Lors de l’atelier sophrologie destiné aux personnes aidées, Brigitte explique, de sa voix douce et posée, que « cette démarche de développement personnel permet d’entraîner le corps et l’esprit pour tendre vers une meilleure harmonie et un état de bien-être ». Le groupe expérimente des pratiques de respiration, chacun essayant de se relâcher, d’être à l’écoute de soi. Orizia estime « que ces exercices sont importants pour le bien-être. Je me dis : tu n’es pas fichue. Ton corps a beaucoup de ressources. Il faut les utiliser. »

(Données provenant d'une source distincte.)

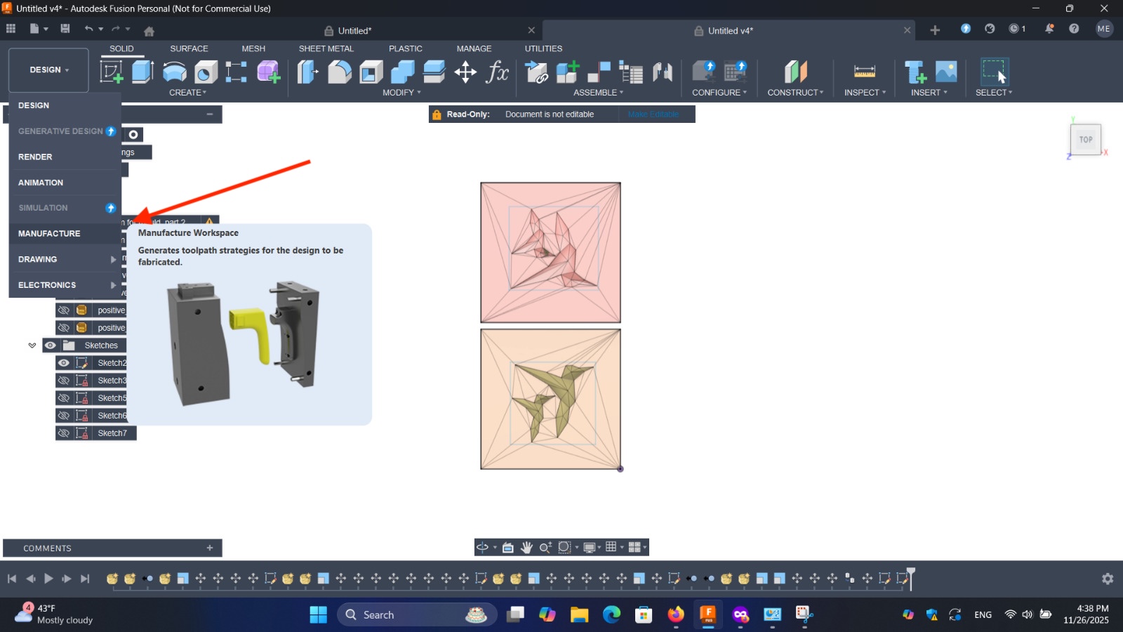 - At the top-left workspace selector, change the workspace from Design to Manufacture.
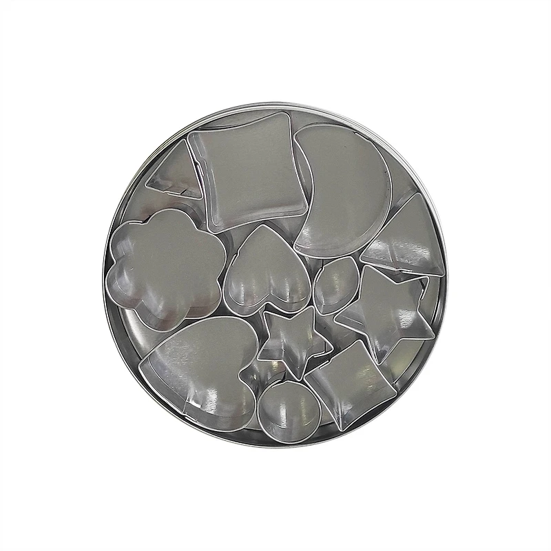 Turn your dessert creations into masterpieces using this fondant cutter set from Celebrate It. With 13 mini shapes, craft elaborately decorated cakes and other sweets that are sure to impress!Details:Silver colored4.7" x 4.7" x 0.9" (12cm x 12cm x 2.3cm) package sizeSet of 13 fondant cuttersStainless steel and tin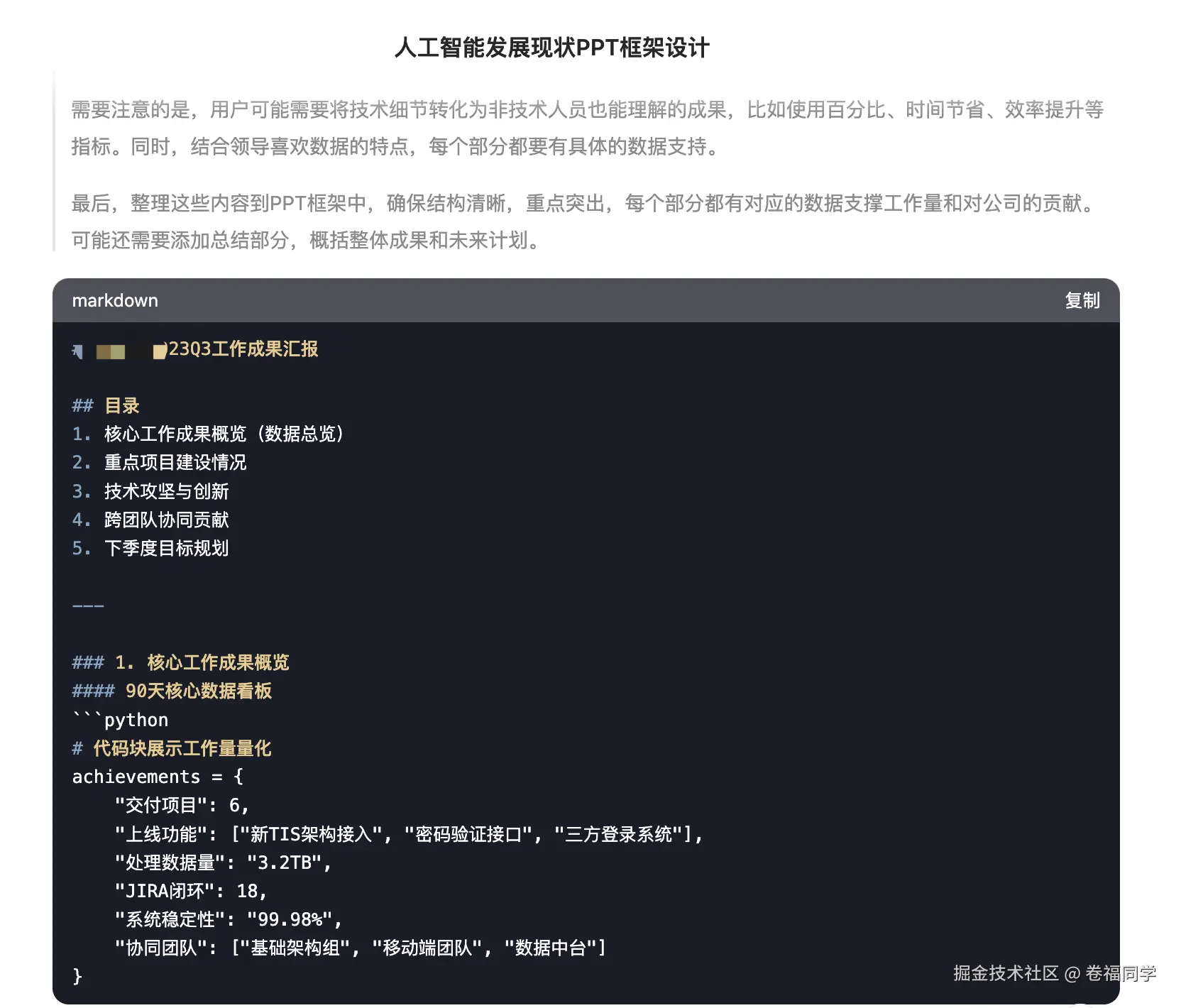 1.接下来给大家讲解如何让生成的PPT能用上自己的工作内容,提示词如下: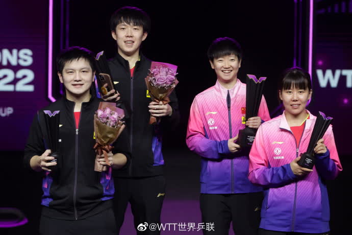 據新華社報道,2022年世界乒乓球職業大聯盟(WTT)冠軍賽澳門站賽事23日進行了決賽,中國隊王楚欽、孫穎莎分獲男女單打冠軍。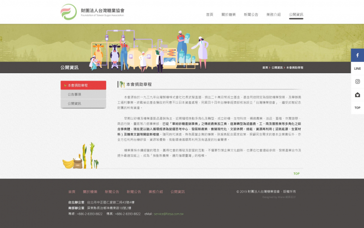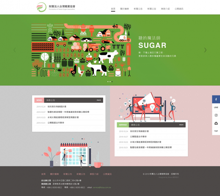 全部作品 精選作品 企業形象 購物網站 投審稿系統 客製平台 醫療美容 餐飲旅宿 教育/協會/政府 活動網站 RWD響應式 賀卡 3D環景攝影 首頁 iWare作品 台灣糖業協會 台灣糖業協會 介紹 本會源始於一九三九年台灣製糖株式會社社長武智直道,捐出二十萬日幣成立基金,基金用途限定為協助糖業發展,及舉辦員工福利事業。 規劃/Lori 設計/Katie 前端/Tirsta 程式/Carol 功能項目 LOGO設計 幻燈片管理 單層頁面管理 二層頁面管理 聯絡我們表單管理 產業分類 精選作品 RWD響應式 教育/協會/政府 陞采企業有限公司 企業形象 RWD響應式 匯能科技股份有限公司 精選作品 RWD響應式

Aidants et aidés partagent aussi des moments, comme cette excursion au cirque de Gavarnie qui ravive chez Nicole des souvenirs de visites antérieures. La météo n’est certes pas au rendez-vous ce jour-là, mais « un petit coin de ciel bleu s’est invité pour nous laisser le temps de profiter du panorama », s’amuse Claire. Enthousiaste, elle livre son regard sur ces quelques jours partagés à Cauterets : « L’emploi du temps préparé alterne activités, excursions et temps de repos. Le groupe, confronté à la maladie et au handicap, comprend les situations de chacun et porte un regard bienveillant sur la différence, cela fait du bien. Notre appartenance commune à la grande famille agricole joue aussi dans cette cohésion. Ce séjour est un temps fort qui donne de l’humanité. »
L’activité physique
est primordiale
pour préserver l’autonomie.
Avec la crise sanitaire, nous vivons une période particulière. Beaucoup n’ont plus pratiqué leurs activités de groupe depuis des mois. Les ateliers proposés lors du séjour sont aussi là pour combler ce manque et donner des clés pour un travail régulier. L’activité physique est primordiale pour maintenir l’autonomie le plus longtemps possible. On peut repousser la fonte musculaire liée à l’âge, lutter contre les maladies… Je propose aux participants la pratique de l’échauffement pour la mobilité articulaire, le renforcement musculaire, le travail sur le souffle, le rythme, la coordination… Ces exercices ne nécessitent pas d’équipement particulier. Ils peuvent donc être facilement reproduits à la maison et agissent comme une rupture avec un quotidien parfois lourd. Cela permet de passer un bon moment à deux et de se détendre. Ici, l’activité crée également du lien social entre les gens, dans une ambiance conviviale et d’entraide. Le but de ce séjour est aussi d’éviter l’isolement. Avec eux, je passe de super moments. Pour moi, c’est une récompense car ils se font plaisir. »
Ils ont souvent du mal
à lâcher prise.
Habituellement, Françoise et Bernard interviennent à domicile pour remplacer l’aidant auprès de la personne dépendante par l’âge, la maladie, le handicap, afin de lui permettre de se reposer ou de s’absenter en toute tranquillité d’esprit, de quelques heures à plusieurs jours consécutifs. Dans le cadre de ce séjour, ils assurent une présence constante au sein du groupe. Bernard a l’habitude d’accompagner des séjours vacances pour l’association France Alzheimer. « Ici, je suis un coordinateur, un facilitateur qui assiste les personnes aidées pour écarter les inquiétudes au sein du groupe – sans oublier celles des aidants. » Cet ancien salarié dans le secteur de l’aéronautique est très sensibilisé à la question, lui-même « aidant dans ma vie personnelle – pour mon frère puis ma sœur. Pour moi, c’est une mission de vie. Il y a des besoins et j’ai du temps. Donc je le fais. » Rassurer, accompagner mais aussi « faire comprendre aux aidants qu’ils peuvent s’autoriser à prendre du temps pour eux, seuls, souligne Françoise. Ils ont souvent du mal à lâcher prise. Nous sommes là pour prendre soin des personnes aidées afin qu’ils profitent de moments de détente et qu’ils comprennent que les choses peuvent se faire sans eux ».